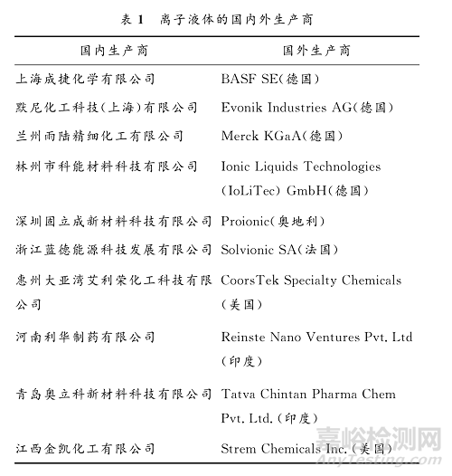下表1為部分離子液體國內(nèi)外的生產(chǎn)商。由于離子液體具有不燃性,也被直接用于改善聚合物的阻燃性能。
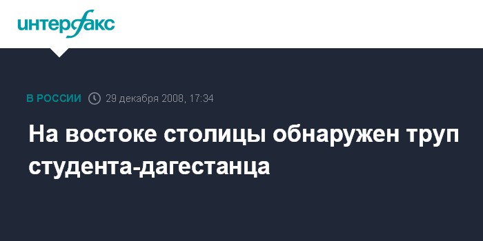 Москва. 29 декабря. INTERFAX.RU - Труп уроженца Дагестана - студента первого курса столичного вуза - найден на востоке Москвы, сообщил "Интерфаксу" источник в правоохранительных органах города в понедельник.
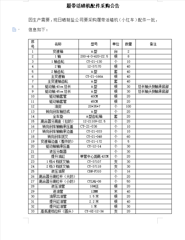 履帶活碴機配件采購公告
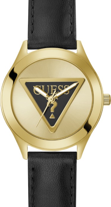 This new collection pays homage to the iconic Guess triangle and instantly elevates any outfit. This stylish watch features a polished gold tone 34mm dial with our GUESS triangle adding a playful touch to the time. With a comfortable smooth black leather strap, you'll love stepping out in style in this accessory.
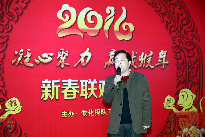 ??? 隊(duì)長王新坪致新春賀詞,他說:2015年在總公司的正確領(lǐng)導(dǎo)下,物化探隊(duì)創(chuàng)新發(fā)展,各項(xiàng)工作取得了顯著的成績。2016年按照總公司的新要求和物化探隊(duì)“大地質(zhì) 大物探 大發(fā)展”的經(jīng)營思路,凝心聚力,攻堅(jiān)克難, 贏戰(zhàn)2106。全體干部職工一定要奮力搏擊,敢于擔(dān)當(dāng),攜手同心,用智慧和汗水共譜物化探隊(duì)新篇章!王新坪代表物化探隊(duì)領(lǐng)導(dǎo)班子,祝全隊(duì)職工在猴年來臨之際,身體健康,闔家幸福,生活美滿,事業(yè)有成。
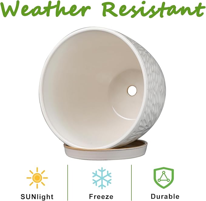 - Ideal Size: Each ceramic flower pot is 8.5 D x 7.5 H, which can provide enough space for your plants to thrive. One package includes white planter, ceramic tray and mesh
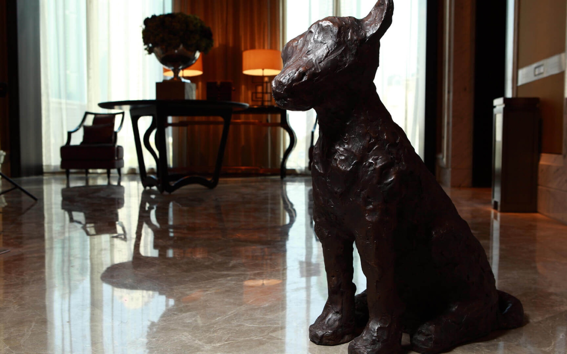 Dog sculpture in cast bronze
·····
• **Work item**
Exactly as they stand, the entries must be written out again, pictures excluded.

• **Task result**
下表1為部分離子液體國內(nèi)外的生產(chǎn)商。由于離子液體具有不燃性,也被直接用于改善聚合物的阻燃性能。
 Москва. 29 декабря. INTERFAX.RU - Труп уроженца Дагестана - студента первого курса столичного вуза - найден на востоке Москвы, сообщил "Интерфаксу" источник в правоохранительных органах города в понедельник.
 履帶活碴機配件采購公告
 This new collection pays homage to the iconic Guess triangle and instantly elevates any outfit. This stylish watch features a polished gold tone 34mm dial with our GUESS triangle adding a playful touch to the time. With a comfortable smooth black leather strap, you'll love stepping out in style in this accessory.
 ??? 隊(duì)長王新坪致新春賀詞,他說:2015年在總公司的正確領(lǐng)導(dǎo)下,物化探隊(duì)創(chuàng)新發(fā)展,各項(xiàng)工作取得了顯著的成績。2016年按照總公司的新要求和物化探隊(duì)“大地質(zhì) 大物探 大發(fā)展”的經(jīng)營思路,凝心聚力,攻堅(jiān)克難, 贏戰(zhàn)2106。全體干部職工一定要奮力搏擊,敢于擔(dān)當(dāng),攜手同心,用智慧和汗水共譜物化探隊(duì)新篇章!王新坪代表物化探隊(duì)領(lǐng)導(dǎo)班子,祝全隊(duì)職工在猴年來臨之際,身體健康,闔家幸福,生活美滿,事業(yè)有成。
 - Ideal Size: Each ceramic flower pot is 8.5 D x 7.5 H, which can provide enough space for your plants to thrive. One package includes white planter, ceramic tray and mesh
 Dog sculpture in cast bronze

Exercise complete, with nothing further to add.